Nervous about college?
You should be...
You’ll have plenty of competition from other students applying.
Here’s eight tips that give college-bound students an edge.
1. Get a job, either part-time during school or full-time during the summer, and stick with it. “It shows a good work ethic and reliability,” says Linda Metcalf, the author of How to Say It: Application, Essay and Interview Strategies to Get You the Big Envelope. “Colleges are looking for students who will stick with school and graduate.”
2. Take the most rigorous courses available.
3. Instead of giving your teachers a stamped, addressed envelope for recommendations, tell them you’ll pick up the recommendations on a certain day, which gives you an opportunity to proofread them, suggests Metcalf. This is because teachers are asked to write so many recommendations that the wrong school name or even the wrong student name sometimes ends up in a letter.
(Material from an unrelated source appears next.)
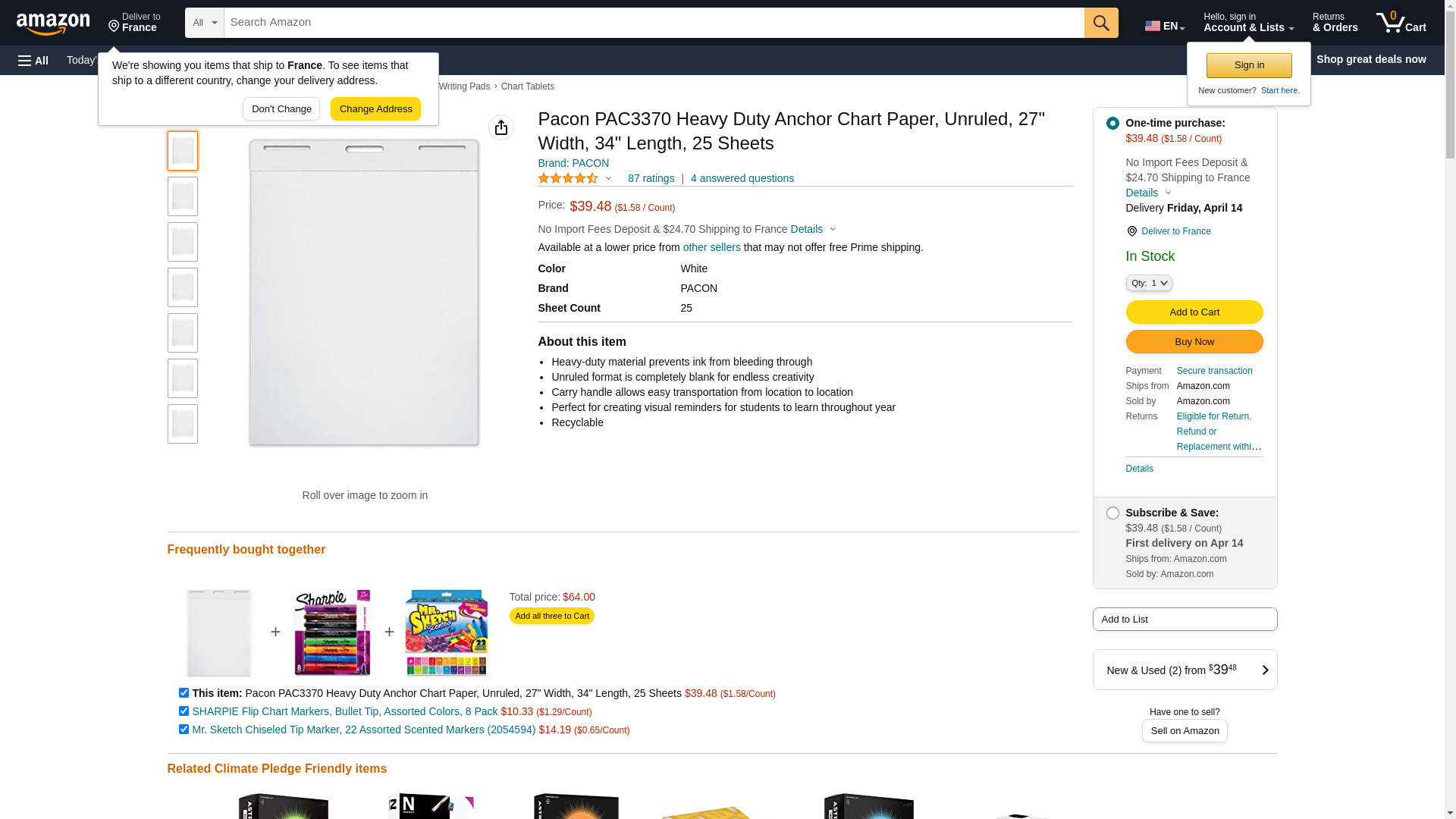 Pacon, 3370, Heavy Duty Anchor Chart Paper, 27" x 34", 25 Sheets, White, 4/CT

4. Instill a sense of service to others at an early age, parent Karen Doskocil suggests. That jibes with Metcalf’s advice to students to commit to some sort of ongoing community service that is meaningful to them, such as regular volunteer work at an animal shelter.
5. Try looking at schools that aren’t what everybody else is looking at, suggests Ellen Hoffman of Bright Futures College Consulting.
6. Visit prospective colleges the summer after the sophomore year, suggests parent Karen Giangrosso. It’s a less task-packed time that the summer between junior and senior year, when the college application process should already be under way.
7. Ask an English teacher to help you edit your college application essay, suggests Metcalf, but don’t let Mom hire a college coach to write it for you. “The universities said they want their essays to sound like they were written by an 18-year-old, not an adult,” Metcalf says.
8. You can save the application fee at some schools if you apply online, says Kaprelian.